Boy, never knew there was so much to say about dog food, but I am learning now. Now I wonder, is Canidae a good diet for our fluffs? I am not a hollistic person, nor all organic, and want to know is this more what this thread is about? Is about Organic and Hollistic food? Confused, confused..........sorry, I guess I am just an idiot. :smilie_tischkante:


----------



## Nikki's Mom (Feb 13, 2008)

I think the OP was referring to the sites where we do our research and how they can be flawed.

There are different ways to look at what you'd like to have in a dog food.
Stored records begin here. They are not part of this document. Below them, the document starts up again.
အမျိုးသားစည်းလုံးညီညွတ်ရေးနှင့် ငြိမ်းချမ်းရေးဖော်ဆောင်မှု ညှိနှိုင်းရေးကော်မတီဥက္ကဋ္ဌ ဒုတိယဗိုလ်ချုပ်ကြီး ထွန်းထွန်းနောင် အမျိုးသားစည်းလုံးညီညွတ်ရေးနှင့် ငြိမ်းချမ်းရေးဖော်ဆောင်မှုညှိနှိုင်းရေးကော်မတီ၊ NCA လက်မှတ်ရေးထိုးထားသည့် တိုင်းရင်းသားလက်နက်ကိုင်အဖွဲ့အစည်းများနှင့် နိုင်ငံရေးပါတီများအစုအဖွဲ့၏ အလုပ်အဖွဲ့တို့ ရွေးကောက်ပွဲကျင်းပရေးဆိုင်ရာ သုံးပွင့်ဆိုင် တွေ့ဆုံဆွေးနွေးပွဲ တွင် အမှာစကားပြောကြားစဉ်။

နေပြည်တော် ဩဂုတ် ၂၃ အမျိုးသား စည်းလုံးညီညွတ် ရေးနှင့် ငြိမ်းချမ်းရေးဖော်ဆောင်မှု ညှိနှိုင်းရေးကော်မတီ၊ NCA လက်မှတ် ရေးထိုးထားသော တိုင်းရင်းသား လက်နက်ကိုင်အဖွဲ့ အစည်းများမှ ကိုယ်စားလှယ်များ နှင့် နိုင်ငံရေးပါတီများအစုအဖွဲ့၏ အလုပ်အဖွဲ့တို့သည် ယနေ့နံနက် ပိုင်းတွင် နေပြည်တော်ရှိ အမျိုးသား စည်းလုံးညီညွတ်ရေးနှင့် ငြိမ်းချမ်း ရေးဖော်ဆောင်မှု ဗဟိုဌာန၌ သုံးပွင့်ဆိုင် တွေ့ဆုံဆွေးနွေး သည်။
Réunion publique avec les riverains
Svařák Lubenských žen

There is the quality of the food itself, and then there are the added supplements which make the food nutritionally complete so that it can be "certified." But they allow companies to call their foods "all natural" when most of these foods contain hefty doses of synthetic vitamins, so who can you really trust? 
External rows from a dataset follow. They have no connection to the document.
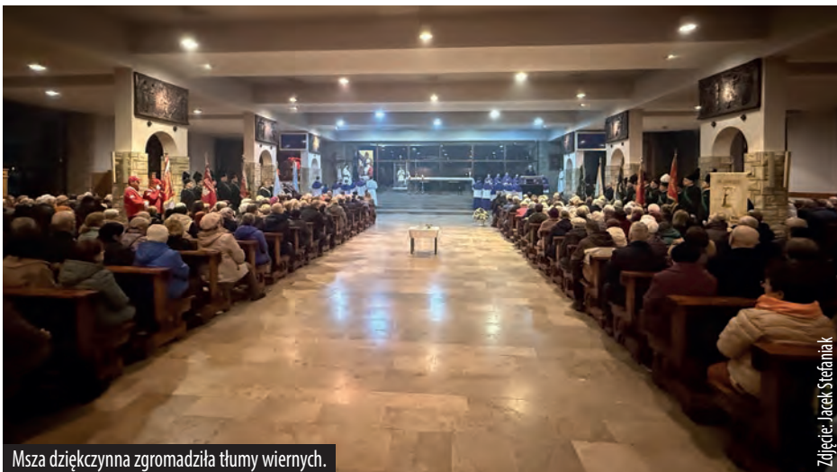
Msza dziękczynna zgromadziła tłumy wiernych.

Nowo mianowany ekonom archidiecezji katowickiej będzie odpowiedzialny za zarządzanie dobrami materialnymi Kościoła, nadzór nad finansami, inwestycjami oraz instytucjami go-
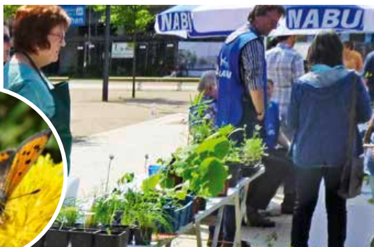
Links: ein Kleiner Feuerfalter auf einer Wiese. Rechts: Die Pflanzenbörse bietet eine Vielfalt von Gemüsesorten.
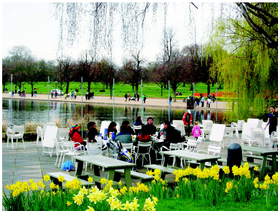
Zahrady a parky patří mezi příjemné, proměnlivé i jedinečné prostory jak pro lidi, tak pro živočichy. Tato místa mají velký význam z pohledu lidského zdraví a z pohledu společenského. Pro obyvatele měst jsou to místa setkání i aktivního odpočinku. (Velká Británie, Londýn, Hyde Park, foto Magdalena Hledíková, 2010)

Veřejné prostory mají být přívětivé svým vzhledem, uspořádáním, míšením funkcí, přehledností a celkovou pobytovou využitelností. Veřejné prostory mají být příjemné pro vnímání všemi lidskými smysly, tedy co nejméně hlučné, co nejméně prašné, s vyváženým a logickým podílem přírodních prvků. Veřejné prostory mají nabízet příjemné zážitky, včetně chuťových, čichových i hmatových.
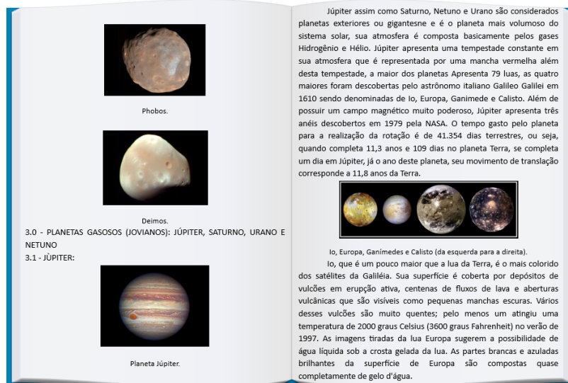
Figura 6: Imagem da visão do jogador em um livro no jogo

Na imagem seguinte têm-se os conteúdos de Astronomia em formato de livro contido no jogo:
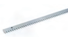
Cremagliera zincata 30x8 mod. 4 con attacchi a saldare inclusi (confez. da 4 m)
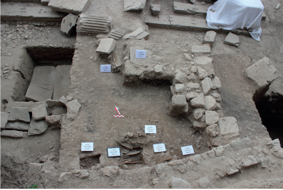
Figure 12. Tapınağın Güneyindeki Nekropol Alanı, Güneyden Görünüm.
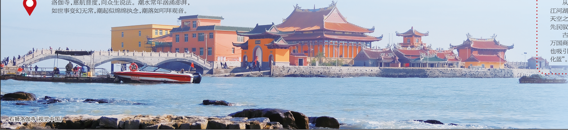
石狮洛伽寺
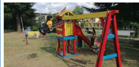
Ремонт на детската площадка в село Михалич
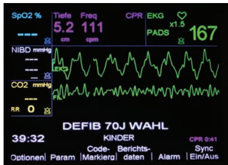
Figur 2. Monitor zeigt gefilterte und ungefilterte EKG-Kurve. (See-Thru CPR)

Zusätzlich führt ein Metronom zur korrekten Frequenz. Eine Anzeige weist die Dauer der CPR-Unterbrechungen aus und erinnert den Helfer daran wie schädlich CPR Pausen für die Behandlung sind. Die ZOLL eigene See-Thru CPR® Technologie ermöglicht es, während der CPR zu erkennen, ob sich ein organisierter Rhythmus entwickelt. Dies reduziert CPR Unterbrechungen erheblich. (Figur 2)
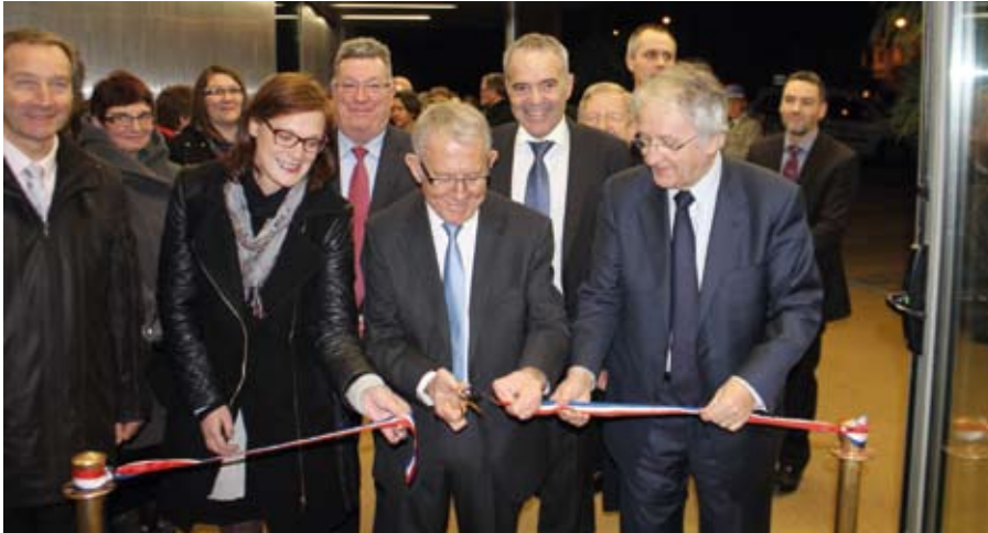
Inauguration en Janvier
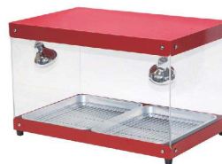
④ フードショーケース FS-200

[FHTS-26] 17-0482-0301 ¥50,000 庫内温度:30~35°C(室温20°Cの場合) ●製品を明るく照らすレフランプ仕様 ●背面がオープンなので製品の出し入れが簡便です。 ※揚げ物類の長時間保温には適しません。
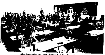
昨年度の県婦協総会より

4月19日(日)、新商連婦人部協議会(県婦協)第38回定期総会が開催されます。参加したことがある方はもちろん、参加したことのない方も、参加してみませんか? 業者婦人の仲間から、明日への元氣と希望をもらえます。近年、スマホを持つ子どもが増えました。しかし、スマホを使った事件・犯罪も増加しています。県婦協では、このような犯罪から子どもを守るため、同日「子どものスマホ安全教室」を開催します。ぜひご参加ください。 参加ご希望の方は4月7日(火)締切予定日までに最寄りの婦人部役員、または事務局にお申し込みください。
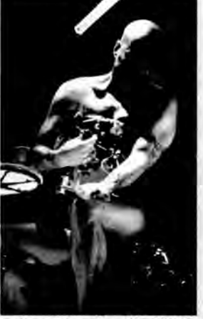
Dwanaście małp - film SF, USA 1995, reż. Terry Gilliam. Rok 2035. Ziemię opanował śmiertelny wirus, który doprowadził do zagłady ludzkości. Więzień James Cole, w zamian za obietnicę skrócenia kary, powraca do roku 1996, by zapobiec tragedii.
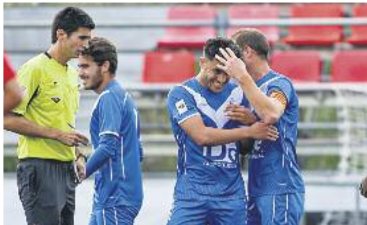
Els escapulats van certificar la classificació a casa.

El matx es va decantar a favor dels escapulats ben aviat, quan Moha va inventar-se un golàs de falta des de la frontal de l'àrea. Perales no va poder aturar el xut del '9' del Badalona. Gairebé sense temps perquè els de Martín Posse poguessin reaccionar, l'equip va sentenciar amb el segon cinc minuts després. Iván Agudo va desfer-se de tots els defenses que intentaven robar-li la pilota però la seva rematada va picar contra el pal. Afortunadament per al Bada, Víctor García acompanyava la ju-
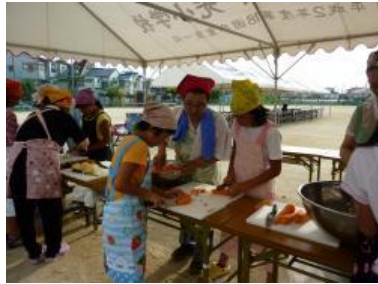
夕食の準備（運動場）
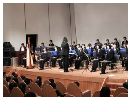
千葉商業高等学校 吹奏楽部

I pesonally would like to know that the food I am feeding my dog, besides being nutritionally complete, is from (preferably grassfed but not crucial) animals raised in the US, Canada or New Zealand, does not contain genetically modified plant/grain ingredients, is certified organic, and contains no artificial preservatives. Then I would want to know if the (always synthetic, always from China) vitamin/mineral supplements that they add to the food have been independently tested and proven to contain the amounts of vitamins/minerals that they claim. However regarding testing the food and regarding scientific proof, I have no faith in that at all. The food industy is a powerful presence/lobby, and any test or "scientific research" can be slanted to favor whomever they want, sometimes depending on who is paying for that test and that research. And that takes a long time to discover because these things are always buried under layers and layers.
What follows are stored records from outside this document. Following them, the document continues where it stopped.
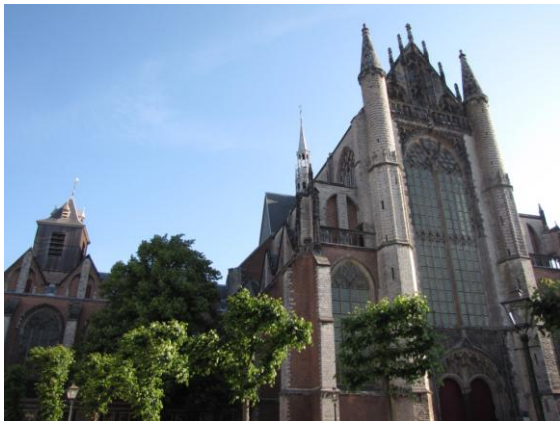
De Hooglandse Kerk in de ochtendzon
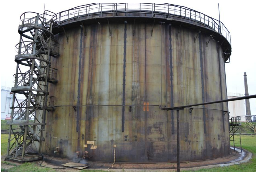
Рисунок 2 - Общий вид резервуара РВСП-5000 № 11
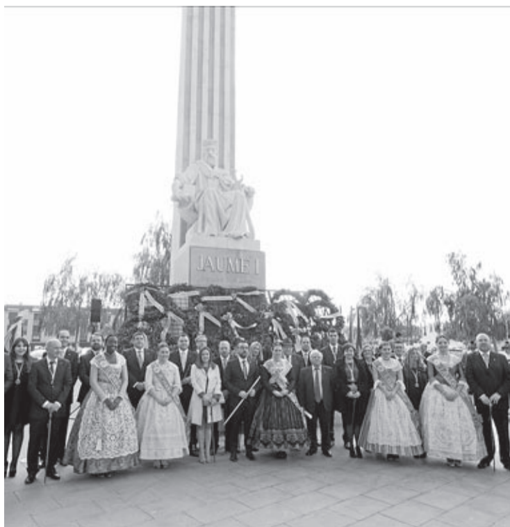
L'homenatge al rei Jaume I, l'acte en honor a la reina i les dames de 2016 o la Fira Medieval han aconseguit molta bona acollida per part de la ciutadania.
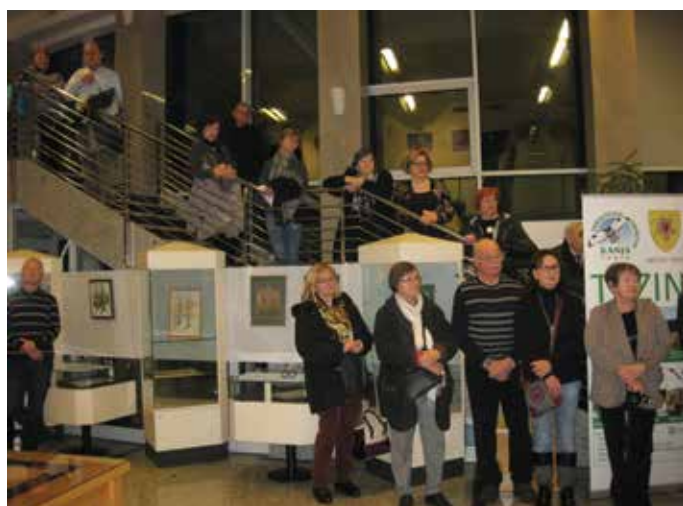
Šilarjeva se je množici obiskovalcev prisrčno zahvalila za obisk.
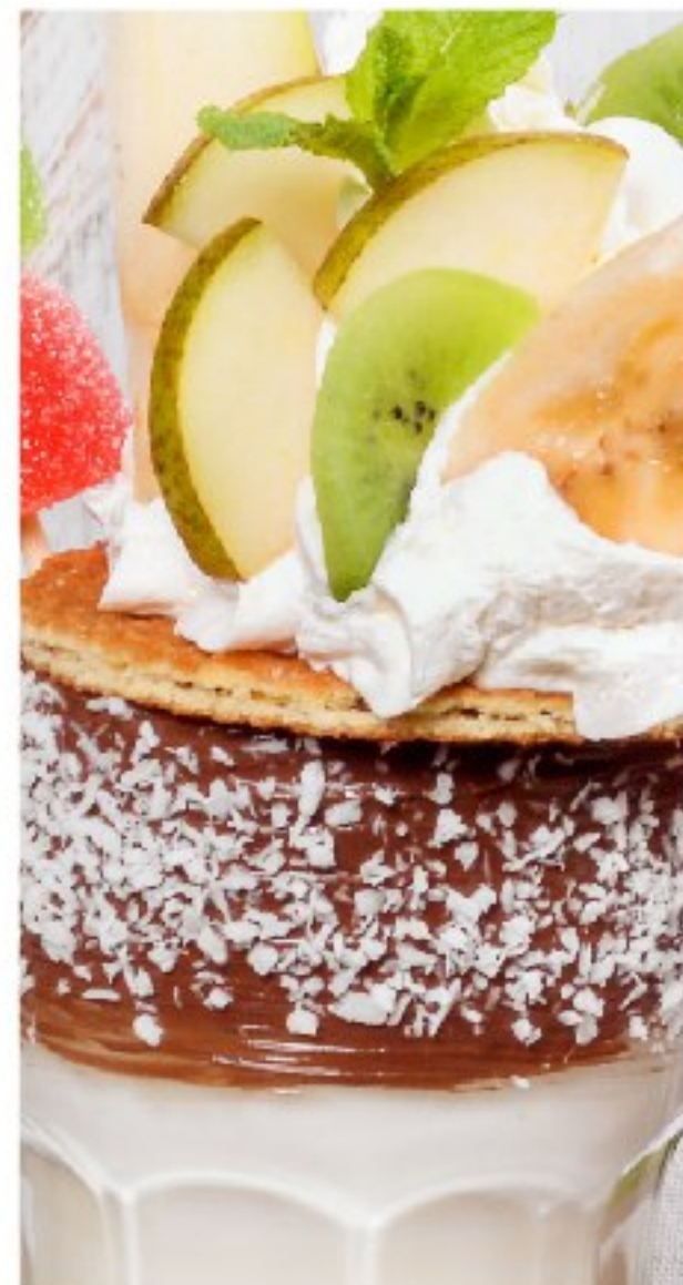
МОЛОЧНЫЙ КОКТЕЙЛЬ (на выбор) MILK SHAKE
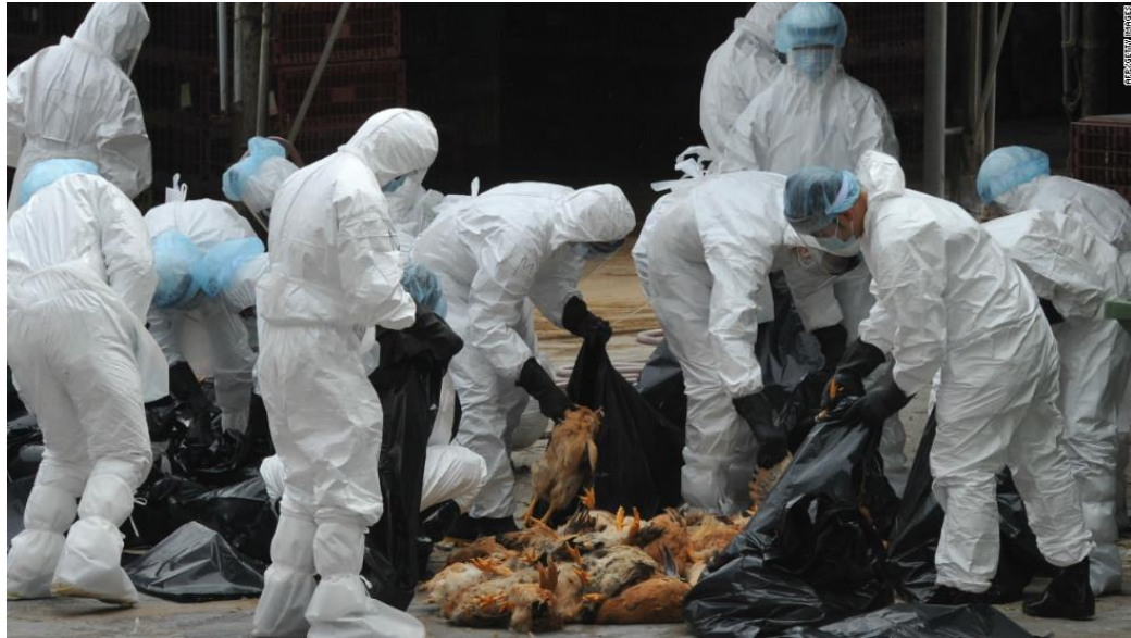
Slika 7. Uklanjanje lešina preventivno zaklane peradi.

provodi zakapanjem ili odvozom u kafilerije (slika 7). U područjima gdje se zakapanje smatra prigodnim, iskopana rupa mora biti barem 2 metra duboka i široka što omogućuje zakapanje cca. 300 jedinki s prosječnom težinom od 1,8 kg. Lešine se potom prekriva slojem kalcijevog hidroksida i slojem zemlje od minimalno 40 cm debljine. Pri prijevozu u kafileriju, vozilo mora osigurati nemogućnost istjecanja sadržaja u okoliš (IZSVe, s.a.).
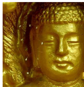
韩国须弥山禅院的佛像脸上长出的优昙婆

佛经记载：三千年开花一次的优昙婆罗花的出现意味着转轮圣王已下世在人间正法。今年按佛记是3034年。优昙婆罗花的出现也引起网民的热烈讨论，民间有专门的网站收集各地花开的资讯。官方电视台，如重庆、山西、甚至中央2台，都有专门的新闻报导，一时间小小奇花，传遍中华。与“藏

As far as I can tell from my research, there is *no* canned dog food on the market today that meets ALL those criteria I stated. (I am still waiting for an answer from Party Animal Dog Food.) Some foods come very close, and I appreciate that. I guess my standards are pretty "anal" but oh well, that's just me. I want the impossible. We can't even get all those things in our own human foods unless we buy local from trusted sources, but there still are no guarantees in life.

If websites that review/test the food like a certain line, they may be biased. So what do we do? I guess we all do the best we can, and that is all we can do. 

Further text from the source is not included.